> **GIVEN MATERIAL**:
▶

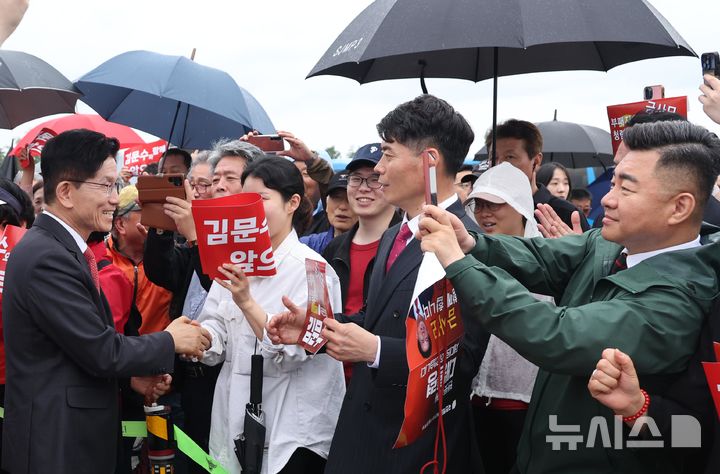 [세종=뉴시스] 조성봉 기자 = 김문수 국민의힘 대선후보가 16일 세종시 국회 세종의사당 부지 입구에서 행정수도 공약 발표를 하기 전 지지자들과 인사하고 있다. 2024.05.16. [email protected]
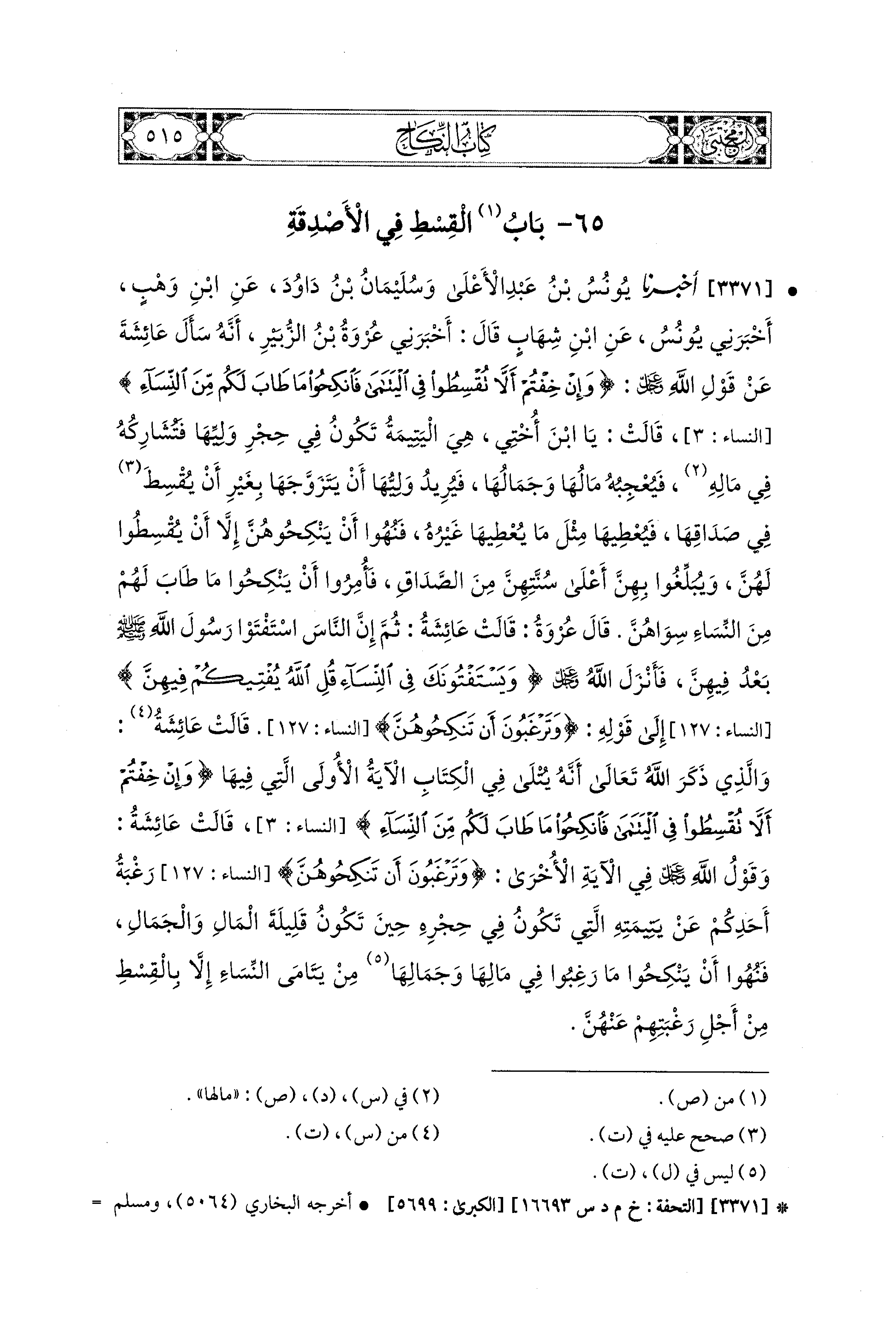 3371 - أَخبَرَنا يُونُسُ بن عَبدِ الأَعلَى، وَسُلَيمَانُ بْنُ دَاوُدَ، عَنِ ابنِ وَهْبٍ، أَخبَرني يُونُسُ، عَنِ ابنِ شِهَابٍ، قَالَ: أَخبَرني عُرْوَةُ بْنُ الزُّبَيْرِ، أَنَّهُ سَأَلَ عَائِشَةَ عَن قَوْلِ اللهِ عَزَّ وَجَلَّ: {وَإِنْ خِفْتُمْ أَلاَّ تُقْسِطُوا فِي اليَتَامَى فَانْكِحُوا مَا طَابَ لَكُمْ مِنَ النِّسَاءِ} قَالَتْ: يَا ابنَ أُخْتِي، هِيَ اليَتِيمَةُ، تَكُونُ فِي حَجْرِ وَلِيِّهَا، فَتُشَارِكُهُ فِي مَالِهِ، فَيُعْجِبُهُ مَالُهَا وَجَمَالُهَا، فَيُرِيدُ وَلِيُّهَا أَنْ يَتَزَوَّجَهَا بِغَيْرِ أَنْ يُقْسِطَ فِي صَدَاقِهَا، فَيُعْطِيَهَا مِثْلَ مَا يُعْطِيهَا غَيْرُهُ، فَنُهُوا أَنْ يَنْكِحُوهُنَّ إِلاَّ أَنْ يُقْسِطُوا لَهُنَّ، وَيَبْلُغُوا بِهِنَّ أَعْلَى سُنَّتِهِنَّ مِنَ الصَّدَاقِ، فَأُمِرُوا أَنْ يَنْكِحُوا مَا طَابَ لَهُمْ مِنَ النِّسَاءِ سِوَاهُنَّ، قَالَ عُرْوَةُ: قَالَتْ عَائِشَةُ: ثُمَّ إِنَّ النَّاسَ اسْتَفْتَوْا رَسُولَ اللهِ صَلى الله عَليه وسَلم بَعْدُ فِيهِنَّ، فَأَنْزَلَ اللهُ عَزَّ وَجَلَّ: {وَيَسْتَفْتُونَكَ فِي النِّسَاءِ قُلِ اللهُ يُفْتِيكُمْ فِيهِنَّ}، إِلَى قَوْلِهِ، {وَتَرْغَبُونَ أَنْ تَنْكِحُوهُنَّ}، قَالَتْ عَائِشَةُ: وَالَّذِي ذَكَرَ اللهُ تَعَالَى أَنَّهُ يُتْلَى فِي الكِتَابِ الآيَةُ الأُولَى الَّتِي فِيهَا {وَإِنْ خِفْتُمْ أَلاَّ تُقْسِطُوا فِي اليَتَامَى فَانْكِحُوا مَا طَابَ لَكُمْ مِنَ النِّسَاءِ}، قَالَتْ عَائِشَةُ: وَقَوْلُ اللهِ عَزَّ وَجَلَّ فِي الآيَةِ الأُخْرَى: {وَتَرْغَبُونَ أَنْ تَنْكِحُوهُنَّ} رَغْبَةَ أَحَدِكُمْ عَن يَتِيمَتِهِ الَّتِي تَكُونُ فِي حَجْرِهِ حِينَ تَكُونُ قَلِيلَةَ المَالِ وَالجَمَالِ، فَنُهُوا أَنْ يَنْكِحُوا مَا رَغِبُوا فِي مَالِهَا وجمالها مِنْ يَتَامَى النِّسَاءِ إِلاَّ بِالقِسْطِ مِنْ أَجْلِ رَغْبَتِهِمْ عَنهُنَّ.
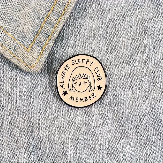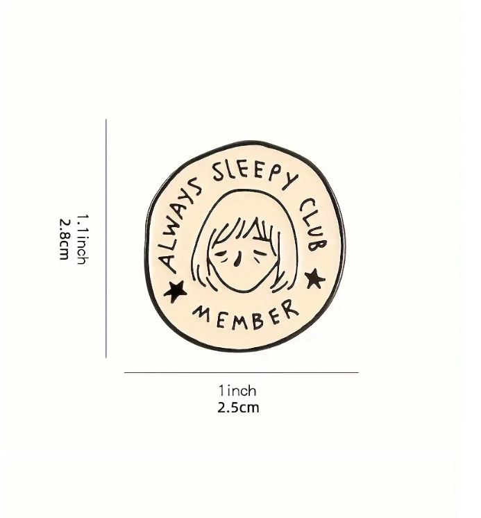 This cute Always Sleepy Club Member Pin is a delightful accessory designed in a round badge format. Perfect for adding a touch of charm to hats, backpacks, jackets, shirts, and bags, this versatile pin serves as a decorative accessory for various clothing items. Adorned with adorable cartoon patterns, it brings a playful and stylish element to your attire, making it a fun and personalized fashion statement.
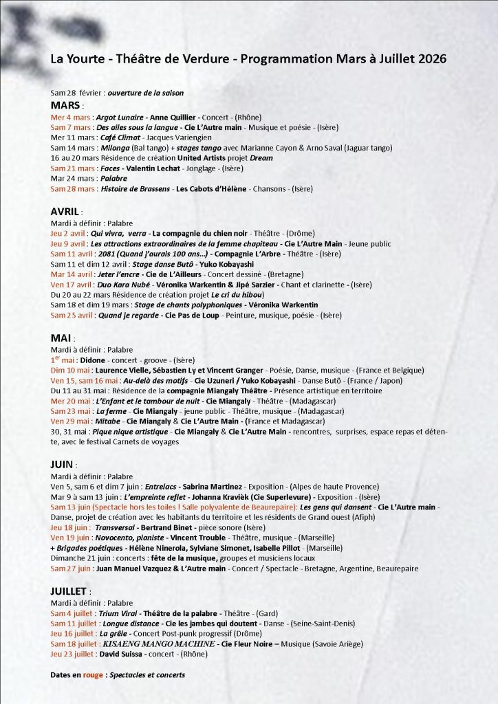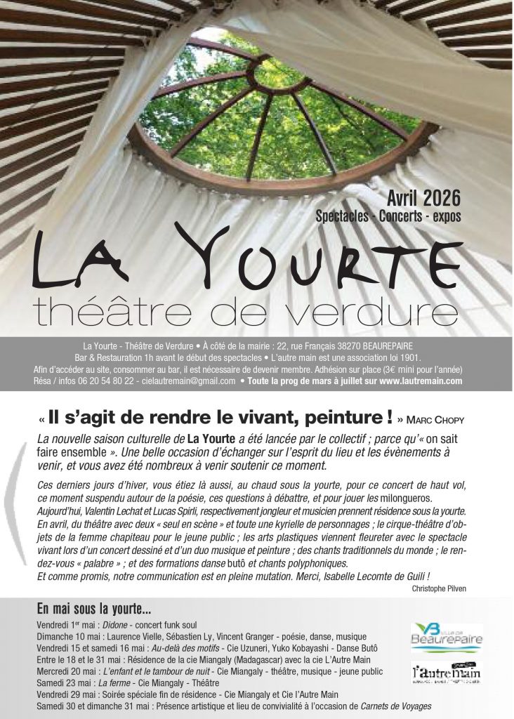 La yourte de la compagnie L’Autre Main est en résidence au Théâtre de Verdure du 28 février au 31 juillet 2026, accueillie par la commune de Beaurepaire

◀

> **PROBLEM REQUIREMENTS**:
Please reprint the whole listing exactly and omit its pictures.

> **ANSWER FOR THE TASK**:
 [세종=뉴시스] 조성봉 기자 = 김문수 국민의힘 대선후보가 16일 세종시 국회 세종의사당 부지 입구에서 행정수도 공약 발표를 하기 전 지지자들과 인사하고 있다. 2024.05.16. [email protected]
 3371 - أَخبَرَنا يُونُسُ بن عَبدِ الأَعلَى، وَسُلَيمَانُ بْنُ دَاوُدَ، عَنِ ابنِ وَهْبٍ، أَخبَرني يُونُسُ، عَنِ ابنِ شِهَابٍ، قَالَ: أَخبَرني عُرْوَةُ بْنُ الزُّبَيْرِ، أَنَّهُ سَأَلَ عَائِشَةَ عَن قَوْلِ اللهِ عَزَّ وَجَلَّ: {وَإِنْ خِفْتُمْ أَلاَّ تُقْسِطُوا فِي اليَتَامَى فَانْكِحُوا مَا طَابَ لَكُمْ مِنَ النِّسَاءِ} قَالَتْ: يَا ابنَ أُخْتِي، هِيَ اليَتِيمَةُ، تَكُونُ فِي حَجْرِ وَلِيِّهَا، فَتُشَارِكُهُ فِي مَالِهِ، فَيُعْجِبُهُ مَالُهَا وَجَمَالُهَا، فَيُرِيدُ وَلِيُّهَا أَنْ يَتَزَوَّجَهَا بِغَيْرِ أَنْ يُقْسِطَ فِي صَدَاقِهَا، فَيُعْطِيَهَا مِثْلَ مَا يُعْطِيهَا غَيْرُهُ، فَنُهُوا أَنْ يَنْكِحُوهُنَّ إِلاَّ أَنْ يُقْسِطُوا لَهُنَّ، وَيَبْلُغُوا بِهِنَّ أَعْلَى سُنَّتِهِنَّ مِنَ الصَّدَاقِ، فَأُمِرُوا أَنْ يَنْكِحُوا مَا طَابَ لَهُمْ مِنَ النِّسَاءِ سِوَاهُنَّ، قَالَ عُرْوَةُ: قَالَتْ عَائِشَةُ: ثُمَّ إِنَّ النَّاسَ اسْتَفْتَوْا رَسُولَ اللهِ صَلى الله عَليه وسَلم بَعْدُ فِيهِنَّ، فَأَنْزَلَ اللهُ عَزَّ وَجَلَّ: {وَيَسْتَفْتُونَكَ فِي النِّسَاءِ قُلِ اللهُ يُفْتِيكُمْ فِيهِنَّ}، إِلَى قَوْلِهِ، {وَتَرْغَبُونَ أَنْ تَنْكِحُوهُنَّ}، قَالَتْ عَائِشَةُ: وَالَّذِي ذَكَرَ اللهُ تَعَالَى أَنَّهُ يُتْلَى فِي الكِتَابِ الآيَةُ الأُولَى الَّتِي فِيهَا {وَإِنْ خِفْتُمْ أَلاَّ تُقْسِطُوا فِي اليَتَامَى فَانْكِحُوا مَا طَابَ لَكُمْ مِنَ النِّسَاءِ}، قَالَتْ عَائِشَةُ: وَقَوْلُ اللهِ عَزَّ وَجَلَّ فِي الآيَةِ الأُخْرَى: {وَتَرْغَبُونَ أَنْ تَنْكِحُوهُنَّ} رَغْبَةَ أَحَدِكُمْ عَن يَتِيمَتِهِ الَّتِي تَكُونُ فِي حَجْرِهِ حِينَ تَكُونُ قَلِيلَةَ المَالِ وَالجَمَالِ، فَنُهُوا أَنْ يَنْكِحُوا مَا رَغِبُوا فِي مَالِهَا وجمالها مِنْ يَتَامَى النِّسَاءِ إِلاَّ بِالقِسْطِ مِنْ أَجْلِ رَغْبَتِهِمْ عَنهُنَّ.
 This cute Always Sleepy Club Member Pin is a delightful accessory designed in a round badge format. Perfect for adding a touch of charm to hats, backpacks, jackets, shirts, and bags, this versatile pin serves as a decorative accessory for various clothing items. Adorned with adorable cartoon patterns, it brings a playful and stylish element to your attire, making it a fun and personalized fashion statement.
 La yourte de la compagnie L’Autre Main est en résidence au Théâtre de Verdure du 28 février au 31 juillet 2026, accueillie par la commune de Beaurepaire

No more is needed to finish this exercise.